Supplied information:
------------------------------------

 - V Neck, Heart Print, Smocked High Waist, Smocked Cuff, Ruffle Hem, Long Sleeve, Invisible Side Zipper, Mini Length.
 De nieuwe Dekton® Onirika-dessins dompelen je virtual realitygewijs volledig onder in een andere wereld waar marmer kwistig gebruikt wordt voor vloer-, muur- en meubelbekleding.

------------------------------------

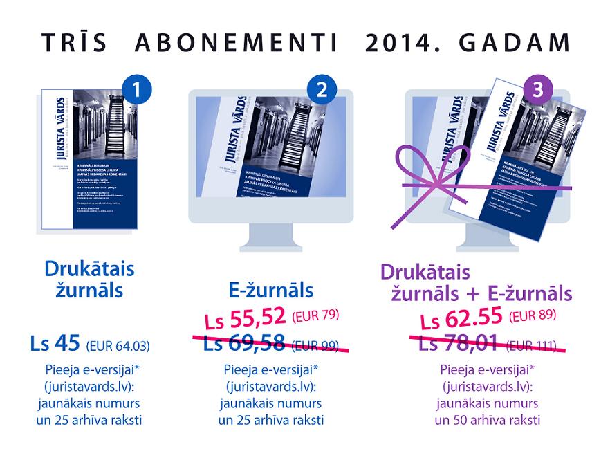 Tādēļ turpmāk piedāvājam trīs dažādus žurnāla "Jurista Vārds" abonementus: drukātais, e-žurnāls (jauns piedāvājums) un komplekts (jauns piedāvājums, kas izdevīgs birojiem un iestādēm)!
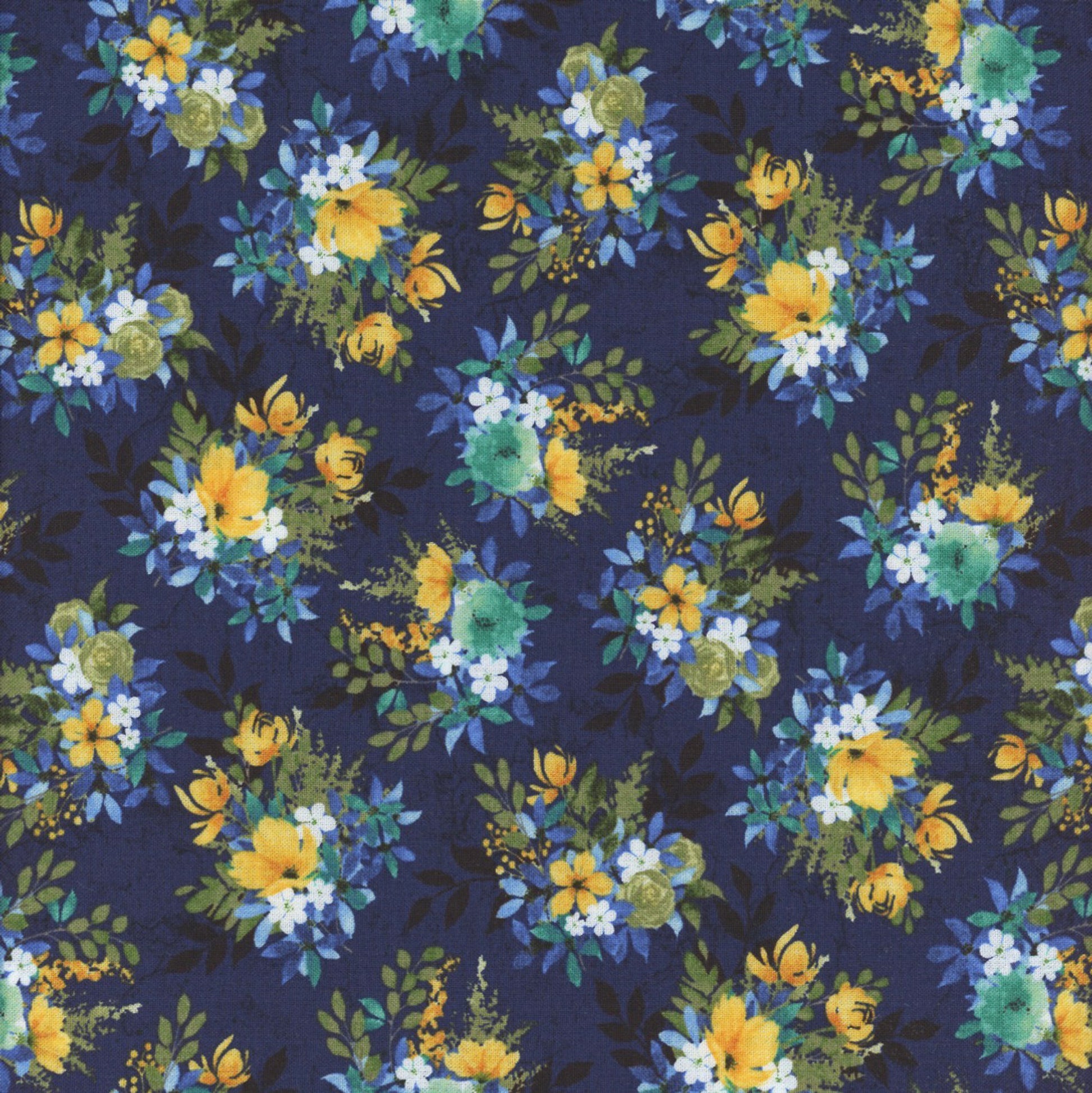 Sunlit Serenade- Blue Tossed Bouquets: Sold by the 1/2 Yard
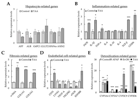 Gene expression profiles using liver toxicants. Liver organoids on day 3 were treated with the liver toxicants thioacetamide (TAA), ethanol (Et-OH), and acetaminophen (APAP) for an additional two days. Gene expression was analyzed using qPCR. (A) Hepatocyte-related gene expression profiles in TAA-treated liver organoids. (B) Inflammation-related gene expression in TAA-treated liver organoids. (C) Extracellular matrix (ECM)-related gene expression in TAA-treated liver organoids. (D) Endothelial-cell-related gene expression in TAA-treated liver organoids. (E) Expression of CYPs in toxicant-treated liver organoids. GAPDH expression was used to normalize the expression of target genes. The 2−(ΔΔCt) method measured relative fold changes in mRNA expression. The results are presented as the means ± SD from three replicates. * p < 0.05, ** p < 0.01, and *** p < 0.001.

------------------------------------

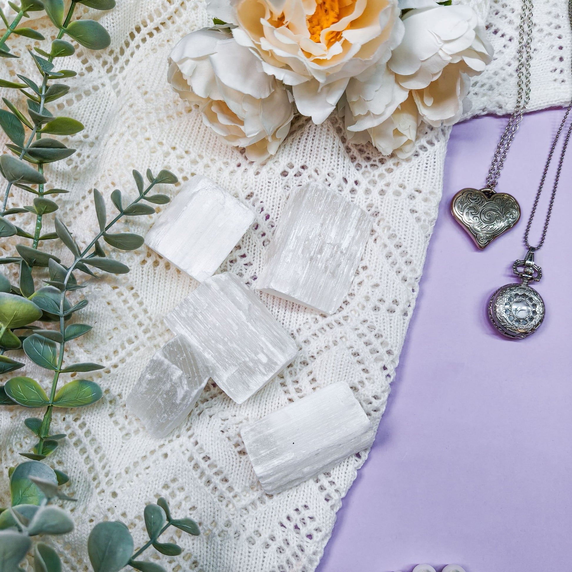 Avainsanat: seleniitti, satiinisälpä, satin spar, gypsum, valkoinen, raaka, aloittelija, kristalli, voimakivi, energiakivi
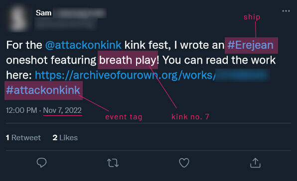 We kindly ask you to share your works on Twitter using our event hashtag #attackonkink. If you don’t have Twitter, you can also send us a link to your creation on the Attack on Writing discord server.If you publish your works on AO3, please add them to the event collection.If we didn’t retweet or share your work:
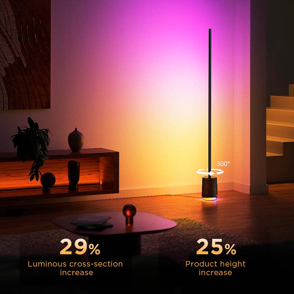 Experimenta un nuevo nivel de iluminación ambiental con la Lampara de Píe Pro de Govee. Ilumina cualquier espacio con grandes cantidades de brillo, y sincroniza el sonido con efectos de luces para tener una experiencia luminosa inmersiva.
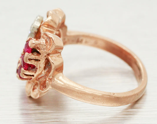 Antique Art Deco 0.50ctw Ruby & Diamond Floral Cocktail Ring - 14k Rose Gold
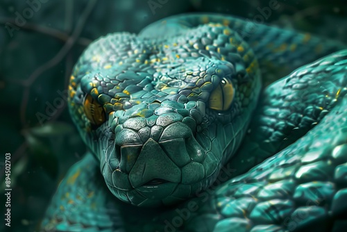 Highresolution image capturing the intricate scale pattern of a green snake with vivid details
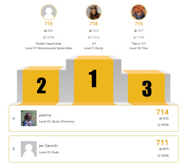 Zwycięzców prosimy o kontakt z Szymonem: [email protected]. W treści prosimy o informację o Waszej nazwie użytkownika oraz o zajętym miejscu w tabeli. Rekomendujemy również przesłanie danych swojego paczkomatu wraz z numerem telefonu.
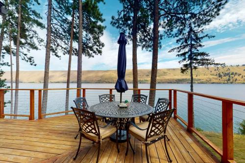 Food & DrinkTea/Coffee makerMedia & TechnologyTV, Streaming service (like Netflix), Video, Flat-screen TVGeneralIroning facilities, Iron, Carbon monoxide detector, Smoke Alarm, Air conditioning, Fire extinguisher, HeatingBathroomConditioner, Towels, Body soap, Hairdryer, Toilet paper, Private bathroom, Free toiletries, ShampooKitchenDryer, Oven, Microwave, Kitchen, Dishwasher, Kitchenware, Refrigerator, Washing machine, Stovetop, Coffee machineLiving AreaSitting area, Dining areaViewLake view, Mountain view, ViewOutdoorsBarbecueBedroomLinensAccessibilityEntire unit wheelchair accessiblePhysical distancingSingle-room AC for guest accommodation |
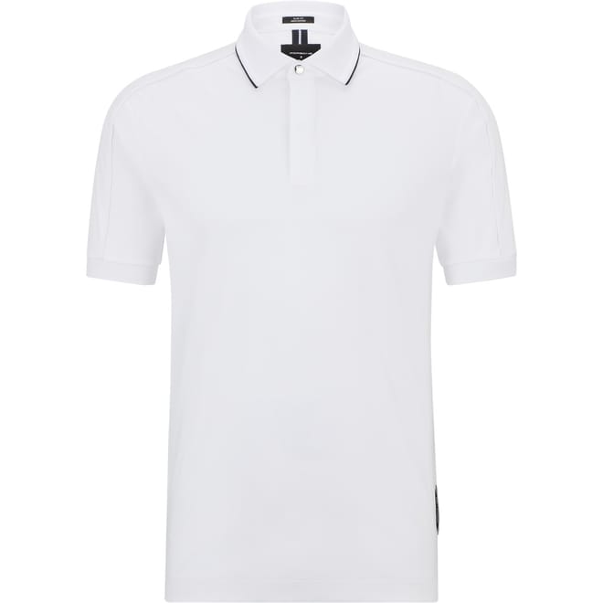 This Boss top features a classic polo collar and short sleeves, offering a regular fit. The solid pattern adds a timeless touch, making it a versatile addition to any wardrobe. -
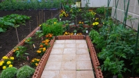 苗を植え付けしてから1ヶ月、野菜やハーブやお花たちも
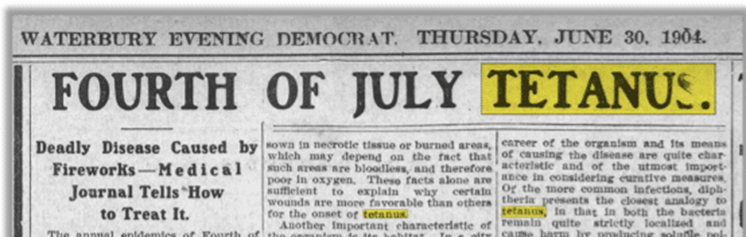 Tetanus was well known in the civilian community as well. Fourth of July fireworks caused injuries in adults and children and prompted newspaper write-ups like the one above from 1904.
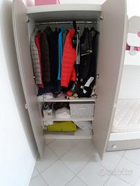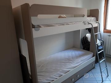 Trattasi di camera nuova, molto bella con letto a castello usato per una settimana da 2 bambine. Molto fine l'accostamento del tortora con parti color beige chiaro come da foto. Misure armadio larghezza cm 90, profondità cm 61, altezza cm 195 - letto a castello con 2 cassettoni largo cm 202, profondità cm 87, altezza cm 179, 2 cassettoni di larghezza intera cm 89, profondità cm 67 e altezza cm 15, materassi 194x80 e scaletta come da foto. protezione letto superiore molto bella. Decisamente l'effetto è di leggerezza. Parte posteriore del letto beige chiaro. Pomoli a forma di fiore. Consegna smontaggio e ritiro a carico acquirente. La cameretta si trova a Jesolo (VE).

------------------------------------

About this task: All lines above from the one containing "Zwycięzców prosimy o" up to and including the one containing "Food & DrinkTea/Coffee" are to be set down exactly, and nothing else. Leave images out.

Exercise answer:
 Zwycięzców prosimy o kontakt z Szymonem: [email protected]. W treści prosimy o informację o Waszej nazwie użytkownika oraz o zajętym miejscu w tabeli. Rekomendujemy również przesłanie danych swojego paczkomatu wraz z numerem telefonu.
 Food & DrinkTea/Coffee makerMedia & TechnologyTV, Streaming service (like Netflix), Video, Flat-screen TVGeneralIroning facilities, Iron, Carbon monoxide detector, Smoke Alarm, Air conditioning, Fire extinguisher, HeatingBathroomConditioner, Towels, Body soap, Hairdryer, Toilet paper, Private bathroom, Free toiletries, ShampooKitchenDryer, Oven, Microwave, Kitchen, Dishwasher, Kitchenware, Refrigerator, Washing machine, Stovetop, Coffee machineLiving AreaSitting area, Dining areaViewLake view, Mountain view, ViewOutdoorsBarbecueBedroomLinensAccessibilityEntire unit wheelchair accessiblePhysical distancingSingle-room AC for guest accommodation |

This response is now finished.